# How to tell if this Panel accepts Tandem Breakers?



## Slay301 (Apr 23, 2018)

They atleast need to be stab on


----------



## oldsparky52 (Feb 25, 2020)

Is there a manufacturer label on the inside of the enclosure?


----------



## mofos be cray (Nov 14, 2016)

Look how many spaces there are on the neutral bus. If there are about double that of the hot buses then its tandem approved


----------



## SWDweller (Dec 9, 2020)

That is the older CH style load center.

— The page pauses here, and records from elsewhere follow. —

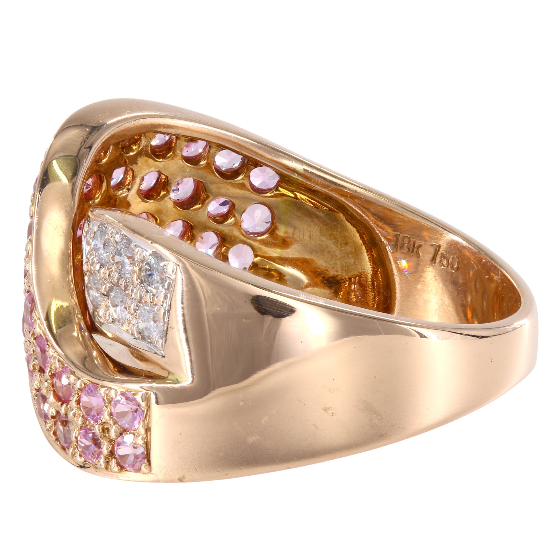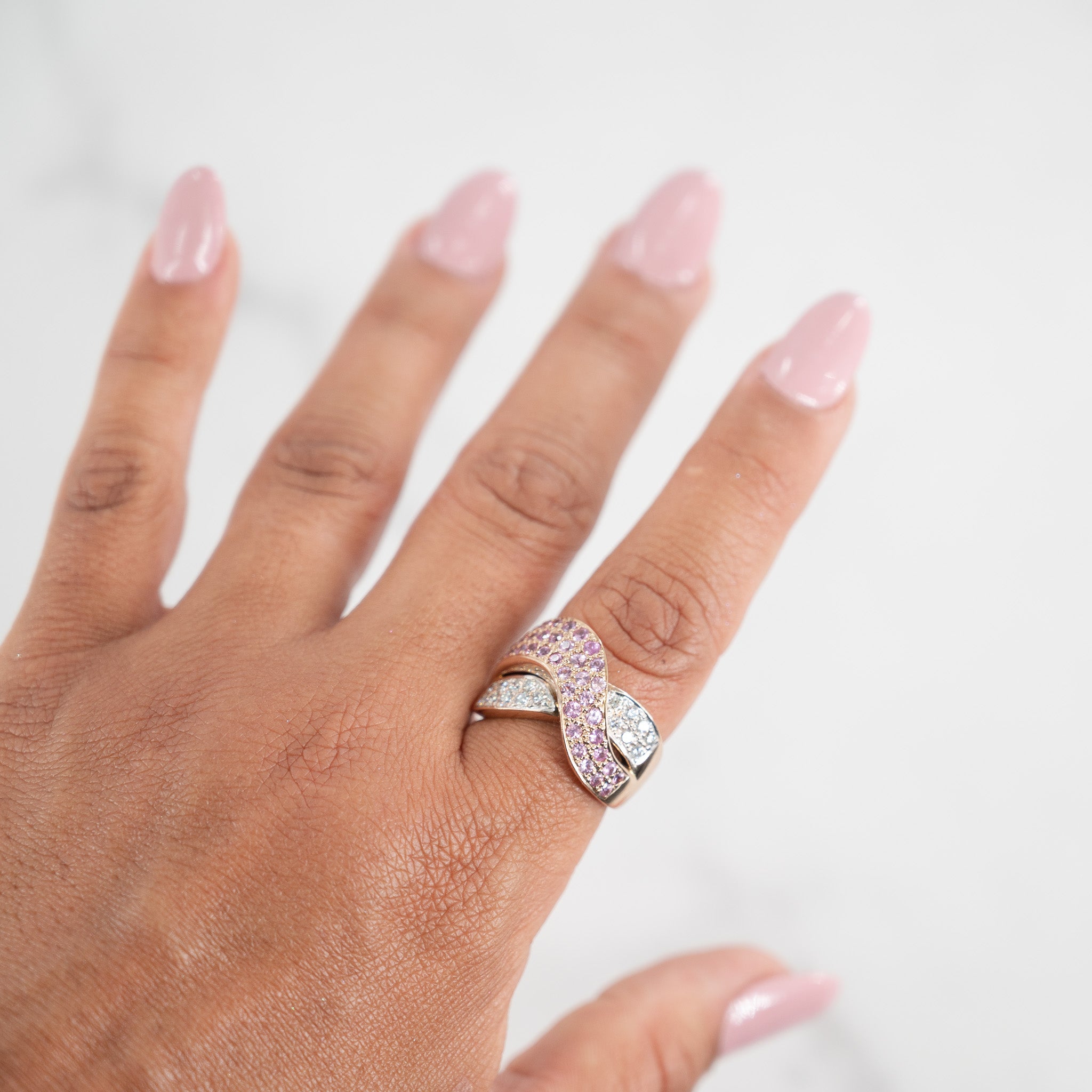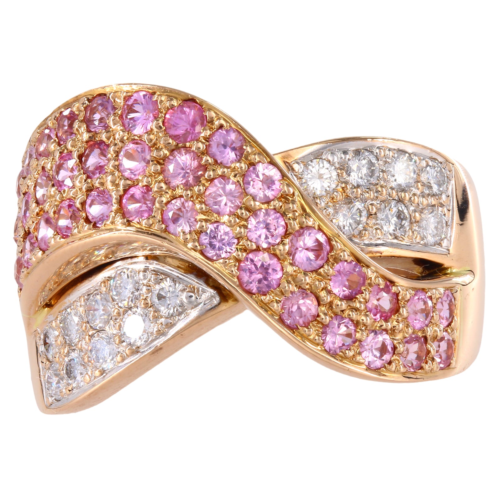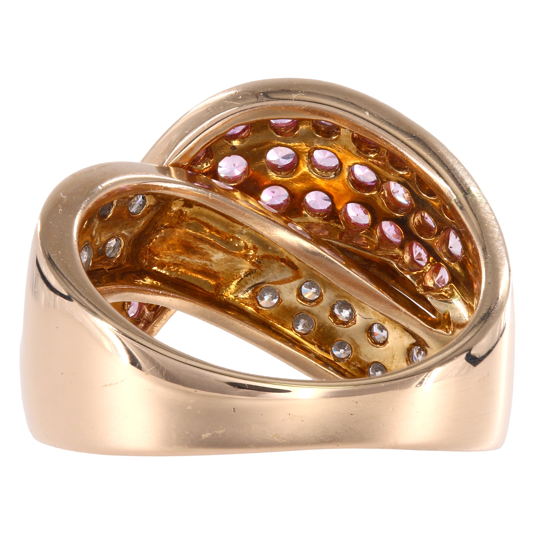 14K Two Tone Gold Diamond Pink Sapphire Crossover Band Ring
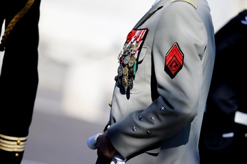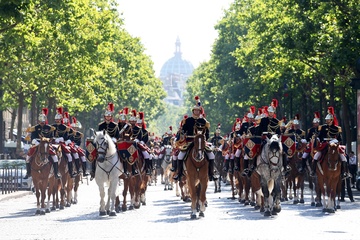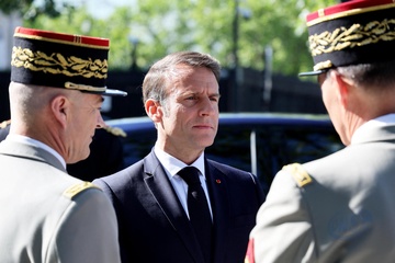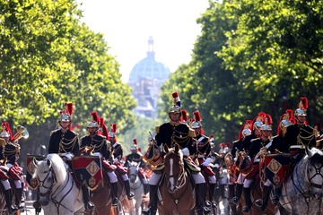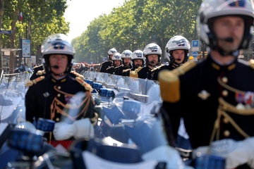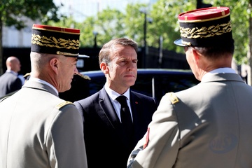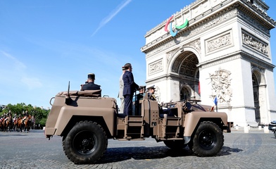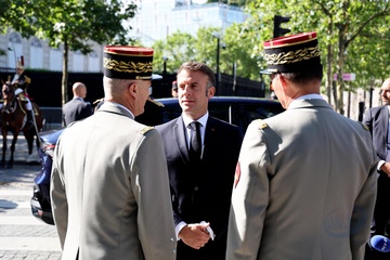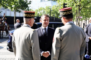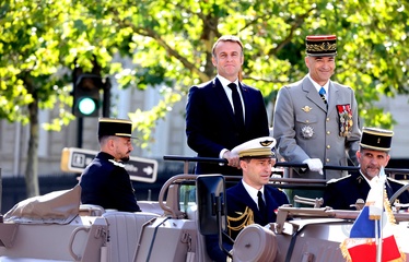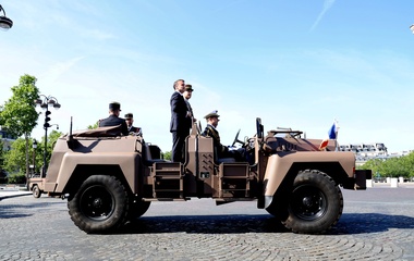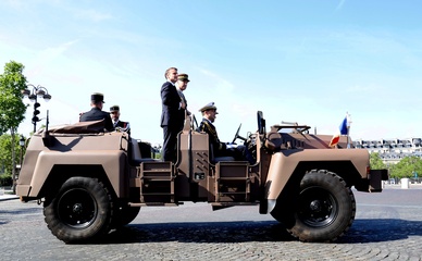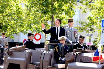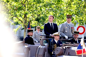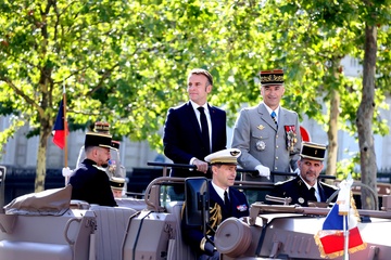 Prezydent Republiki Francuskiej Emmanuel Macron w towarzystwie generała Thierry’ego Burkharda, szefa sztabu sił zbrojnych, na pokładzie „samochodu dowodzenia” podczas ceremonii 144. defilady wojskowej 14 lipca, w Święto Narodowe, w Paryżu 36
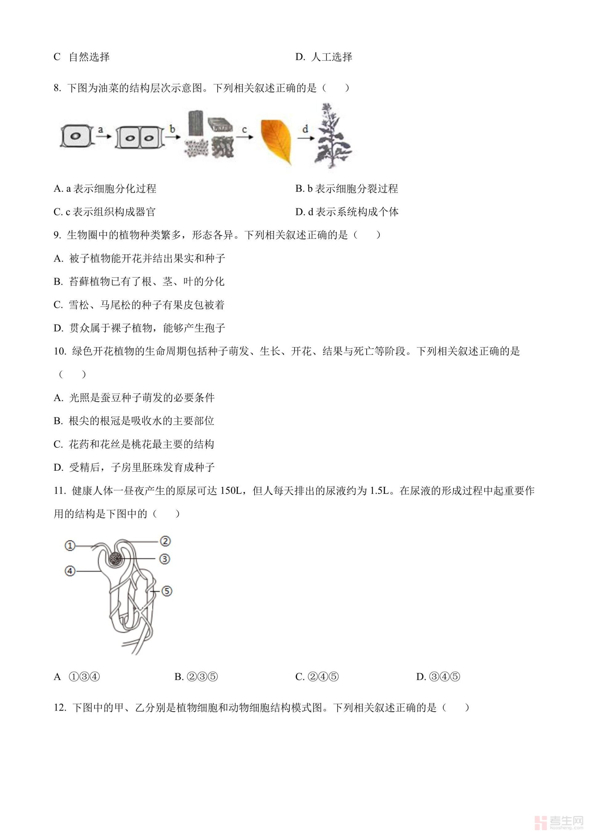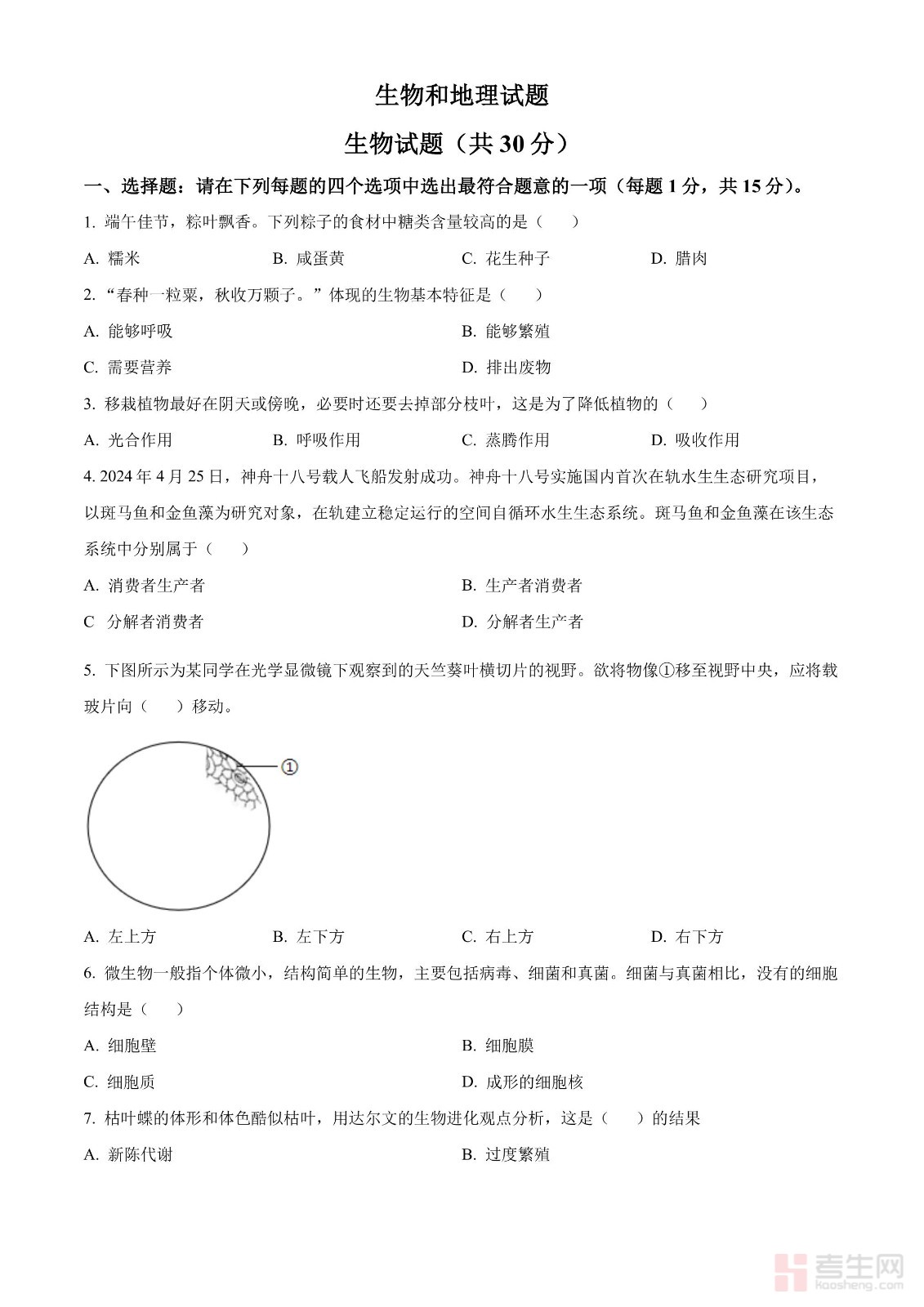 2024年中考生物真题

Chances are the twins are going to look a bit different. 
Pull one of the breakers and take it with you check the bus and rail connections before purchase.


----------



## Dennis Alwon (May 9, 2009)

I don't think that panel is rated for twins because the directory does not show a place for them.....I have heard that CH says you can use their twins anywhere as they will fit into reg. slots... I know the older panels did not use twins but it has been a long time since I have used them.


----------



## Perfectionist (Mar 26, 2021)

oldsparky52 said:


> Is there a manufacturer label on the inside of the enclosure?


I'll definitely check that when I have access to the panel later this week.


----------



## Rainwater01 (Oct 6, 2015)

As I recall it has to do with how the breaker clips to the panel on the back side of the breaker not the bus bar side like other breakers. Hopefully the photos help. Notice the notches on the panel. If there are no flat spaces the breaker won’t physically clip to the panel. The second photo has a straight piece of metal where tandems can faster to the panel. The notches in the first photo prevent that. 


































Sent from my iPhone using Tapatalk


----------



## dspiffy (Nov 25, 2013)

This looks like exactly the same panel that is in my house, and mine has several tandem breakers installed. When I needed to replace one, I just went to Menards (less than a mile away) and it was a normally stocked item.


----------



## Norcal (Mar 22, 2007)

There was a huge base of Cutler-Hammer panels installed before Eaton introduced the twin breaker, there is a 9.5 out 10 chance that a C-H panel is not listed for use with twins, a easy way to tell is to install a twin in a panel, if it is NOT securely latched to the rail, & flops around, the twin is not intended to be used there, which is the case for most C-H/Eaton panels.

There is a small tit on the rail that is not shown in any of the photos shown in previous posts that a twin latches on to, if it is there the breaker will fit properly & securely.


----------



## cuba_pete (Dec 8, 2011)

Info is inside, on the label.
(not my job to vet)


----------